The U.S. State Department has added another leader of the Pakistan-based Afghan insurgent group, the Haqqani Network, to its list of specially designated global terrorists. U.S. officials say Badruddin Haqqani, son of the founder of the group, is the operational commander of the network.

The U.S. action Wednesday came in coordination with a similar announcement from the United Nations, and it means that all U.N. member states will be required to impose an asset freeze, travel ban and arms embargo against Badruddin Haqqani.

A State Department announcement said Badruddin Haqqani is operational chief of the Haqqani Network, a group that has been at the forefront of insurgent activity in Afghanistan and is responsible for many high-profile attacks and kidnappings.

The network is a Taliban-affiliated group that conducts operations in Afghanistan from bases in Pakistan’s northwestern tribal districts. U.S. military Joint Chiefs of Staff Chairman Admiral Mike Mullen and others accuse the network of having links to Pakistan’s intelligence agency, the ISI.

But State Department Acting Deputy Spokesman Mark Toner on Wednesday sidestepped questions about ISI connections. He said the sanctions are aimed at curbing the Haqqani network’s ability to operate.

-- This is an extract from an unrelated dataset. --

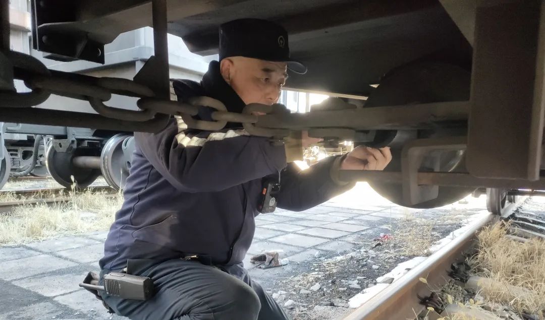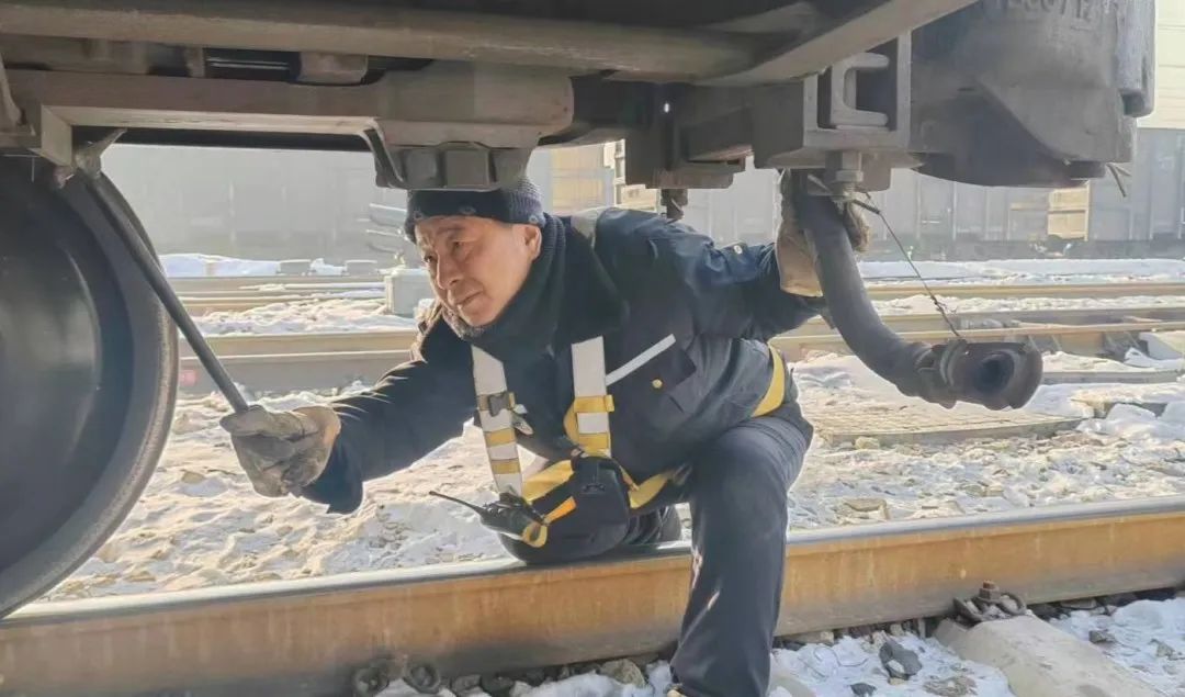 大新运用车间 齐润业我是大新运用车间检车员齐润业,我在大新站进行新年的第一次列检作业。坚持恶劣天气标准不降,作业流程一丝不苟,检修巡查一处不落,确保货物列车“零故障”始发。

"These are concerns that have been talked about publicly before," said Toner. "Our effort is focused on trying to put pressure on the Haqqani Network, to limit their access to funding, financing, to limit their business dealings and to limit the areas where they can seek refuge, in order to put pressure on an organization that is a serious threat both to Afghanistan as well as coalition forces there."

State Department officials said the sanctions move was planned before the May 1 U.S. raid that killed Osama bin Laden in Pakistan, and subsequent concerns in the U.S. Congress and elsewhere that some Pakistani officials may have been aware of his presence there.

Last week, a senior Republican House member, Dana Rohrabacher, introduced legislation to halt U.S. aid to Pakistan, saying developments since May 1 have made it clear that Pakistan sheltered bin Laden.

State Department spokesman Toner said Congress is raising concerns that Pakistan has to address, but that the Obama administration opposes an aid cut.

"We hear their concerns," he said. "They are legitimate concerns given the circumstances of where bin Laden has found. But we believe, and we’ve also been making this point, that our counterterrorism cooperation and our assistance to Pakistan is in the long-term national security interests of the United States, as well as  in the interest of building a stronger, more prosperous, and more democratic Pakistan,"

U.S. Senate Foreign Relations Committee Chairman John Kerry, one of the main authors of a 5-year, $7.5-billion civilian aid package to Pakistan, visits the country next week with the stated aim of putting strained relations "on the right track."

Officials here say Kerry is consulting with administration officials about the trip, but that he will not be carrying any specific message from President Barack Obama.